Hoyt's New Cyclopedia Of Practical Quotations[edit]

Quotes reported in Hoyt's New Cyclopedia Of Practical Quotations (1922), p. 786-87.
  • Who steals a bugle-horn, a ring, a steed,
    Or such like worthless thing, has some discretion;
    'Tis petty larceny: not such his deed
    Who robs us of our fame, our best possession.
  • To keep my hands from picking and stealing.
    • Book of Common Prayer, Catechism.
  • 'Tis bad enough in man or woman
    To steal a goose from off a common;
    But surely he's without excuse
    Who steals a common from the goose.
    • Epigram in Carey's Commonplace Book of Epigrams (1872). Different versions of the same were prompted by the Enclosure Acts. One version given in Sabrinæ Corolla was written when Charles Pratt, first Earl of Camden, took a common strip of land in front of Camden House. Oct. 7, 1764.

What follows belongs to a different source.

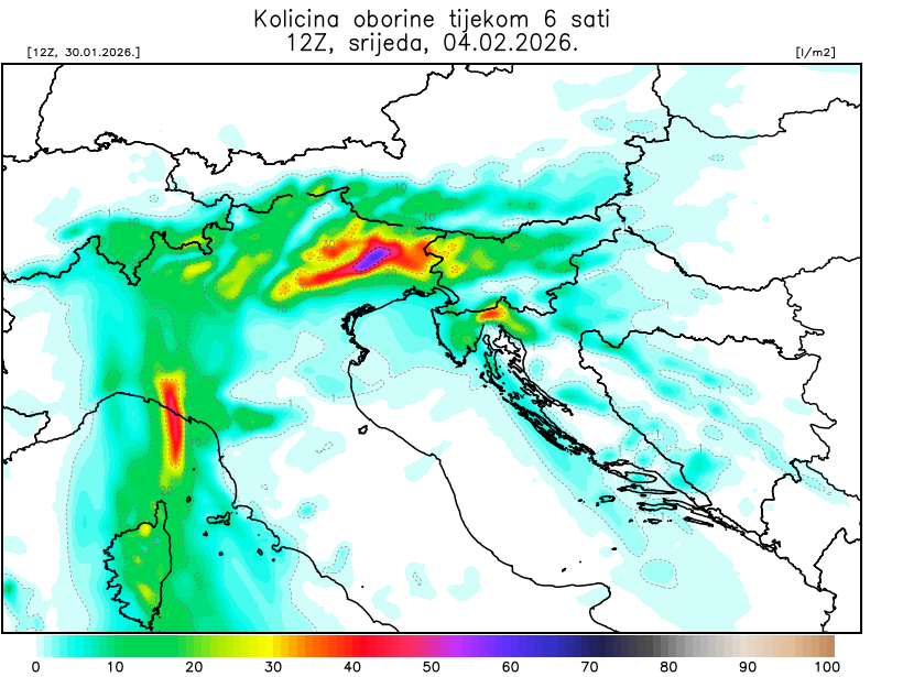 U subotu još može biti slabih oborina, naročito u Gorskom kotaru gdje će povremeno padati slab snijeg. Na ostatku područja jačat će bura, naročito navečer.

  • In vain we call old notions fudge
    And bend our conscience to our dealing.
    The Ten Commandments will not budge
    And stealing will continue stealing.
    • Motto of American Copyright League (written Nov. 20, 1885).
  • Stolen waters are sweet, and bread eaten in secret is pleasant.
    • Proverbs, IX. 17.
  • Stolen sweets are always sweeter:
    Stolen kisses much completer;
    Stolen looks are nice in chapels:
    Stolen, stolen be your apples.
  • Well, well, be it so, thou strongest thief of all,
    For thou hast stolen my will, and made it thine.